Forge of Darkness
- First edition cover
- Author: Steven Erikson
- Cover artist: Steve Stone
- Language: English
- Series: The Kharkanas Trilogy
- Genre: Fantasy novel
- Publisher: Bantam Press (UK & Canada) & Tor Books (USA)
- Publication date: 31 July 2012
- Publication place: United Kingdom
- Media type: Print (hardback & paperback) Ebook Audiobook
- Pages: 662 (Bantam UK hardcover edition)
- ISBN: 0-593-06217-5 (Bantam UK hardcover edition)
- OCLC: 778422528
- Dewey Decimal: 813.6
- LC Class: PR9199.4.E745
- Followed by: Fall of Light

= Forge of Darkness =

2012 novel by Steven Erikson

Forge of Darkness is the first novel of The Kharkanas Trilogy by Canadian author Steven Erikson, set before the events of the Malazan Book of the Fallen.

The novel is set 300,000 years before the events in the Book of the Fallen and explores the background of the Tiste race and their impending civil war. The novel is framed as being told by one poet to another.

==Themes==
A major theme in the novel is how stories and history often blur together and the way the present is continuous and eternally reshapes itself in response to the past. The novel also explores several sides of an impending civil war. Tor notes that Forge of Darkness is rife with recurring themes: environmental deprivation, the creation and role of history, extinction, return to childhood, the costs of certainty, questions of religion, justice, empathy.

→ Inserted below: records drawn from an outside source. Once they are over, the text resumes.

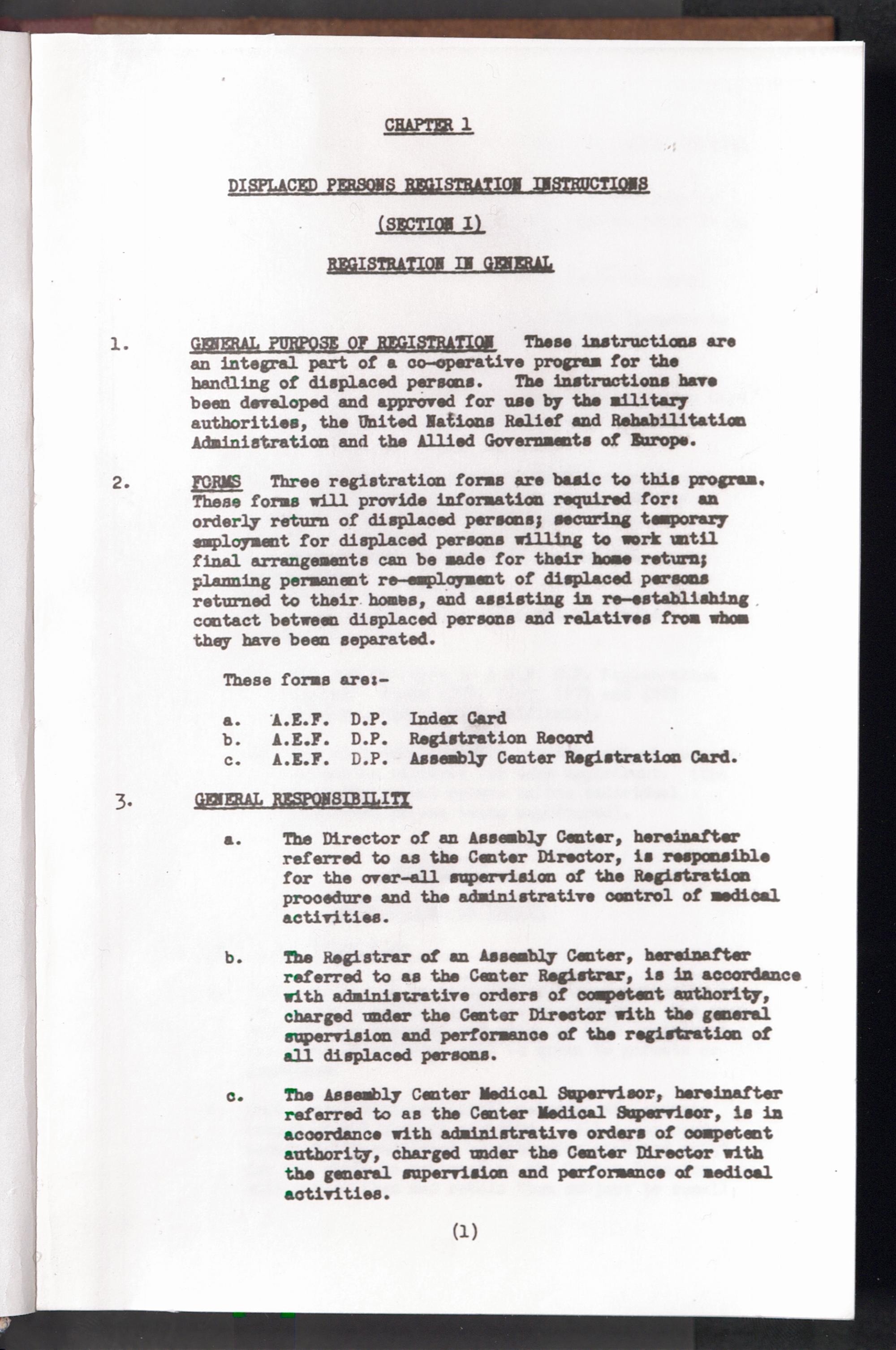 Displaced Persons - Registration Instructions - Teil 1 Chapter I (Englisch)
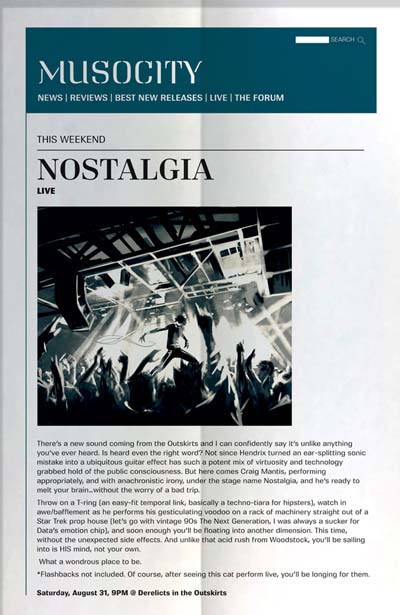 When a mysterious package with an image of a shell on it arrives at the unlisted address of Mr. Craig Mancini his interest is piqued. Mancini, also known as music performer Nostalgia, begins to reminisce about his past, ditches his tech and goes to meet the mysterious stranger behind the parcel. This encounter blows his mind and takes him down a path unraveling all that he knew to be true.
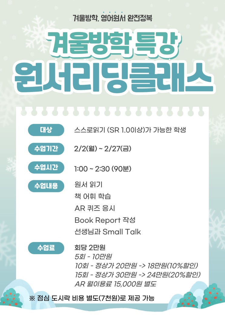 대상: SLP LV. NHK 2 이상 또는 SR 1.0 이상의 혼자읽기가 가능한 학생 수업내용 : 영어 원서읽기 -> 책에 나오는 어휘학습 -> AR퀴즈응시 -> 북리포트 작성 -> 선생님과 1:1 책리뷰토크 수업기간: 2월 2일(월) ~ 2월 27일(금) 수업시간: 오후 1시 ~ 2시 30분(90분) 수업료: 회당 2만원 5회 - 10만원 10회 - 정상가 20만원 -> 18만원(10%할인) 15회 - 정상가 30만원 -> 24만원(20%할인) 신청방법: 구글폼으로 신청서 제출 또는 학원으로 전화접수 (☎ 473-1234) < 구글폼 신청서 > https://forms.gle/XLZ4gsuEhoRzGvN78 ※ 특강기간 내에서 원하는 날짜만 횟수수업 가능합니다.(회당 2만원) ※ AR프로그램 미이용자는 SR....... <img src="https://blogthumb.pstatic.net/MjAyNTEyMDNfMjg5/MDAxNzY0NzQ2NDQ4OTMw.SyP5-LnA6Id6imHMQ0RgeNwEYAi_LgGvj0fINzkEicYg.KPMoo-2GrxlhvC5yz151uS9RhkSJRgNzkwcpQ3xTTSkg.JPEG/%C1%A6%B8%F1%C0%BB_%C0%D4%B7%C2%C7%D8%C1%D6%BC%BC%BF%E4._%283%29.jpg?type=s3" />

Erikson also muses on the core questions of culture, of civilization and of being.

==Publication history==
The novel was initially released in a hardcover edition by Bantam Books in the UK and Canada on 31 July 2012, followed by a paperback edition on 2 August 2012. Tor released the US hardcover edition on 18 September 2012 and a paperback edition on 27 August 2013. PS Publishing also released a two volume, signed and slipcased limited hardcover edition (300 copies) in October 2012 with cover art by David Gentry.

An ebook edition was also released by both publishers. The novel's audiobook, voiced by Daniel Philpott, was released by Brilliance Audio on 16 September 2014. Tor had released excerpts of the novel's prelude and the first five chapters during July and August 2012.

==Critical reception==
The novel has received generally positive review from critics. SFSite praised the scope of Erikson's imagination and narrative while noting that the novel would far exceed any and all expectations that readers of the Malazan Book of the Fallen could possibly harbor. Reviewers have also noted the philosophical meanderings in the story and similarities in Erikson's fiction and historical or philosophical treatises, while praising the scope and breadth of the narrative.

While prequels generally rob readers of the narrative tension at the outset, Tor notes that Erikson avoids this pitfall by placing the story thousands of years in the past with long-lived characters that actually span the time period. Critics also praised Erikson's genius in weaving together multiple themes and characters but criticized the pacing of the novel due to the "characters’ penchant for introspection or philosophizing".